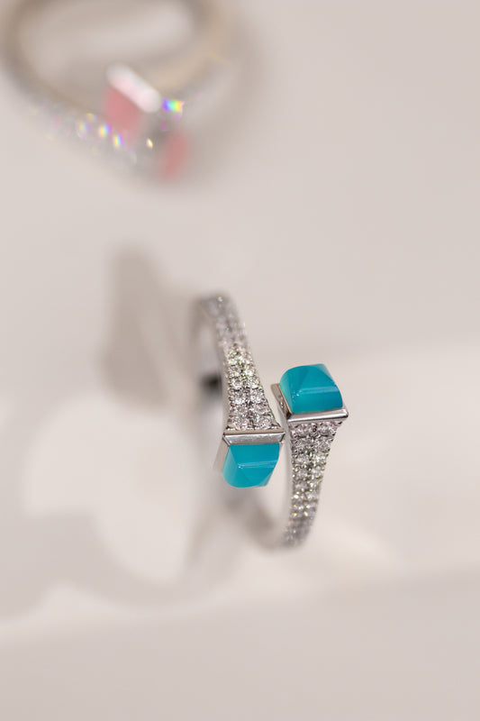 Marli Cleo White Gold Diamond Rings in Blue Chalcedony, Pink Quartzite, & Moonstone
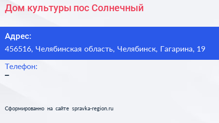 Дом культуры, пос. Солнечный по адресу 456516, Челябинская область, Челябинск, Гагарина, 19 в дальнейшем Организация, размещена в следующих категориях:
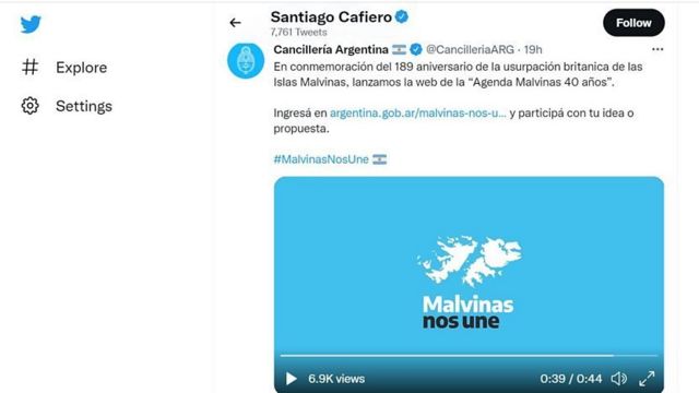 آقای کافیرو در توییتر به این کارزار اشاره کرد و آن را "باز و دولتی" خواند و گفت که هدفش "زنده کردن خاطرات و ادعای مالکیت" و همچنین "یادآوری قهرمانانمان" است - اشارهای به سربازان آرژانتینی که در جان خود را در جنگ ۱۹۸۲ از دست دادند.
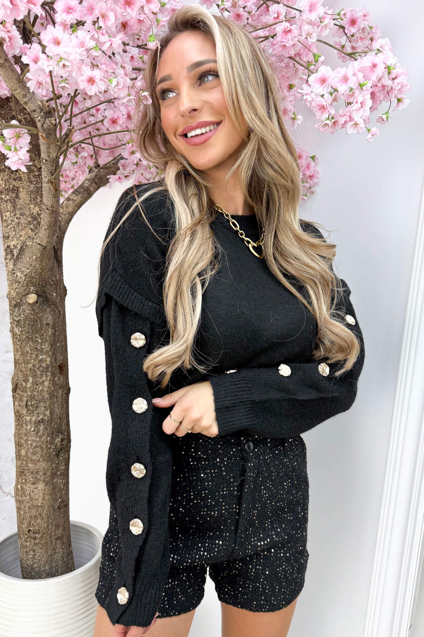 Knitted gold button trui - Zwart
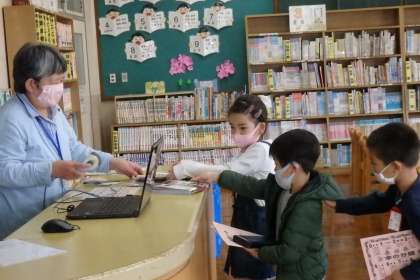 今日,2年生の子どもたちは,今年度初めて学校司書の先生にお会いしました。先生に挨拶をしてから,本を借りに行きます。

•••••

## TASK TO CARRY OUT
In the listing above, find the line with "Дом культуры, пос." and the line with "Knitted gold button trui - Zwart". Set down both and every line between them, minus the pictures.

## FINISHED EXERCISE
 Дом культуры, пос. Солнечный по адресу 456516, Челябинская область, Челябинск, Гагарина, 19 в дальнейшем Организация, размещена в следующих категориях:
 آقای کافیرو در توییتر به این کارزار اشاره کرد و آن را "باز و دولتی" خواند و گفت که هدفش "زنده کردن خاطرات و ادعای مالکیت" و همچنین "یادآوری قهرمانانمان" است - اشارهای به سربازان آرژانتینی که در جان خود را در جنگ ۱۹۸۲ از دست دادند.
 Knitted gold button trui - Zwart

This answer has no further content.